Records from a data collection
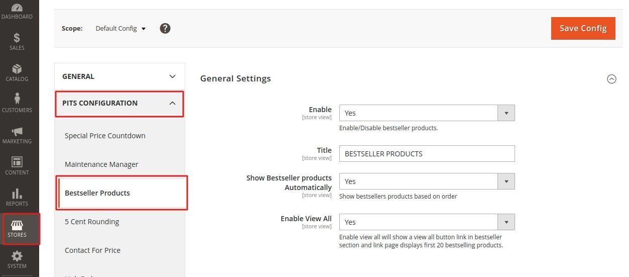 The Bestseller Products extension for Magento 2 has been developed by PIT solutions which display your store’s top selling products. This block can be added on the homepage and other pages. This functionality can be enabled or disabled for each store from admin. You only need to add a block of code in cms page.
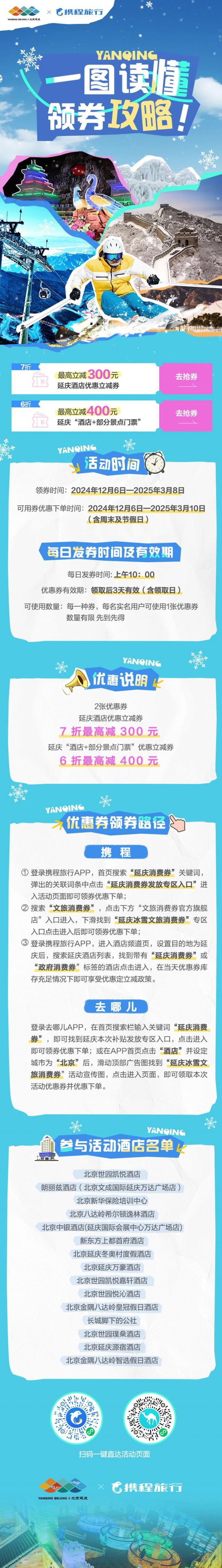 2024 年 12 月 6 日起,上携程和去哪儿 APP/ 小程序预订延庆冬季春季旅游产品享受补贴优惠,包括延庆区部分门票、住宿产品,最高减免 400 元,让你冬春游延庆,玩得开心,住得舒服!
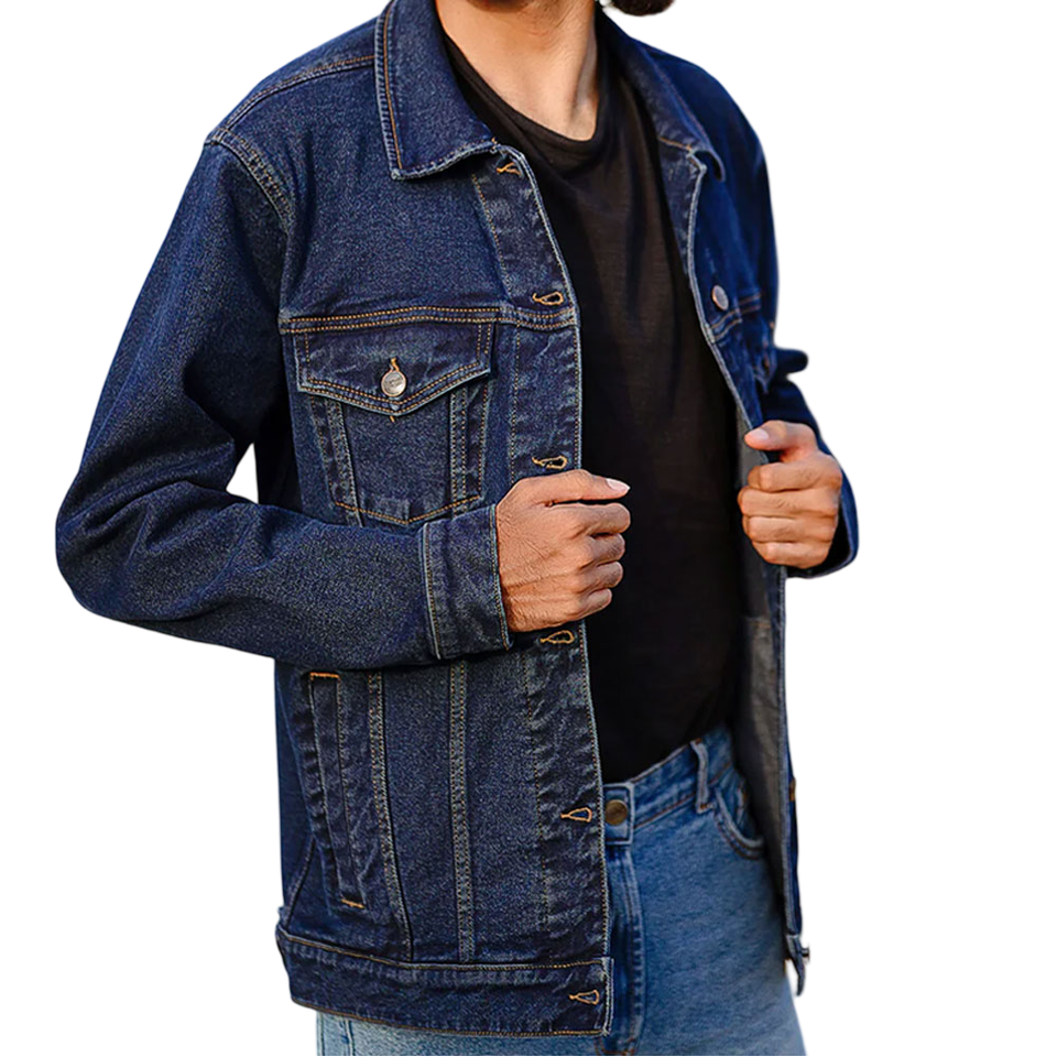 แจ็คเก็ตยีนส์ผู้ชายแบบกำหนดเองขายดี โลโก้ด้านหน้า สไตล์ลำลอง ระบายอากาศได้ดี คุณภาพสูง
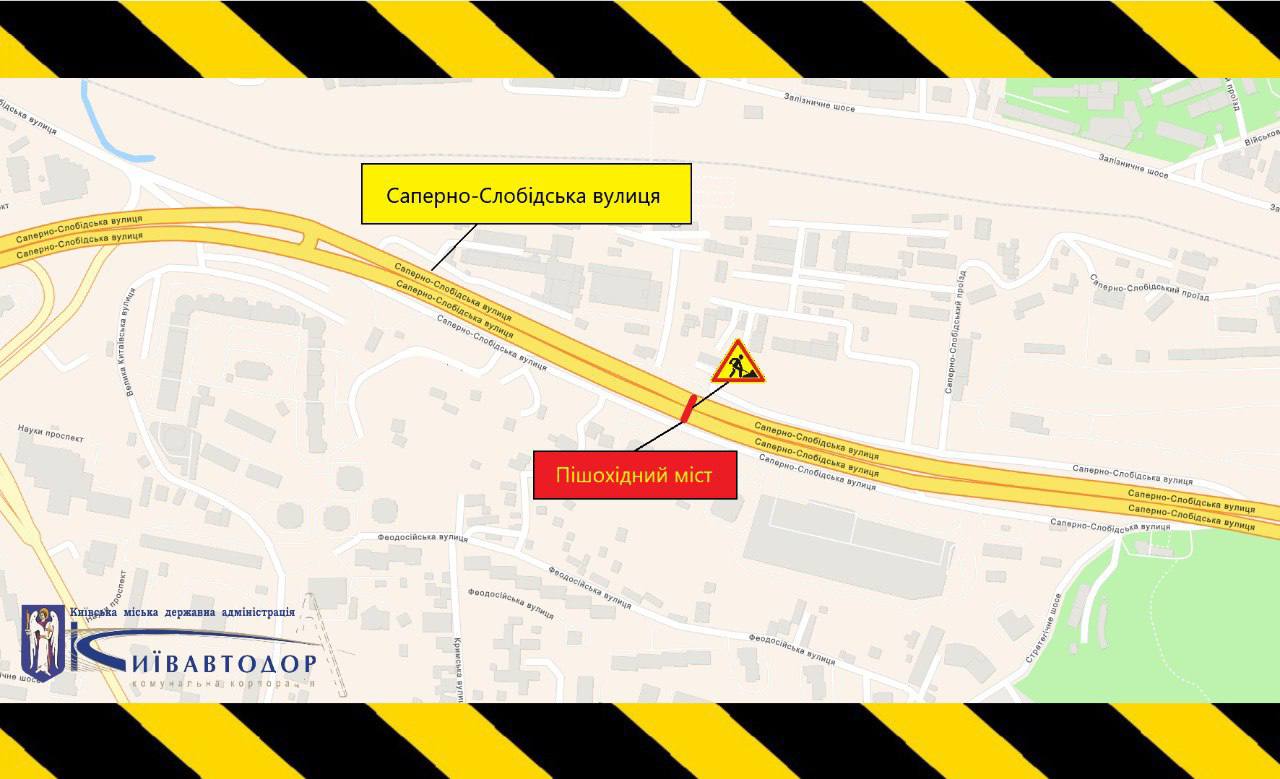 З вівторка, 15 жовтня, на пішохідному мосту на вулиці Саперно-Слобідській повністю обмежать рух. Про це повідомляє пресслужба КМДА.
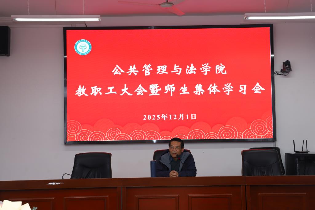 12月1日,公共管理与法学院召开教职工大会暨师生集体学习会。科研院副院长吴金南应邀出席会议,学院全体教职工和党员学生代表参加了会议。会议由院党委书记胡正友主持。

__What the task requires__: Every record above, copied exactly and without a single picture, makes up the answer.

__Solved problem__:
 The Bestseller Products extension for Magento 2 has been developed by PIT solutions which display your store’s top selling products. This block can be added on the homepage and other pages. This functionality can be enabled or disabled for each store from admin. You only need to add a block of code in cms page.
 2024 年 12 月 6 日起,上携程和去哪儿 APP/ 小程序预订延庆冬季春季旅游产品享受补贴优惠,包括延庆区部分门票、住宿产品,最高减免 400 元,让你冬春游延庆,玩得开心,住得舒服!
 แจ็คเก็ตยีนส์ผู้ชายแบบกำหนดเองขายดี โลโก้ด้านหน้า สไตล์ลำลอง ระบายอากาศได้ดี คุณภาพสูง
 З вівторка, 15 жовтня, на пішохідному мосту на вулиці Саперно-Слобідській повністю обмежать рух. Про це повідомляє пресслужба КМДА.
 12月1日,公共管理与法学院召开教职工大会暨师生集体学习会。科研院副院长吴金南应邀出席会议,学院全体教职工和党员学生代表参加了会议。会议由院党委书记胡正友主持。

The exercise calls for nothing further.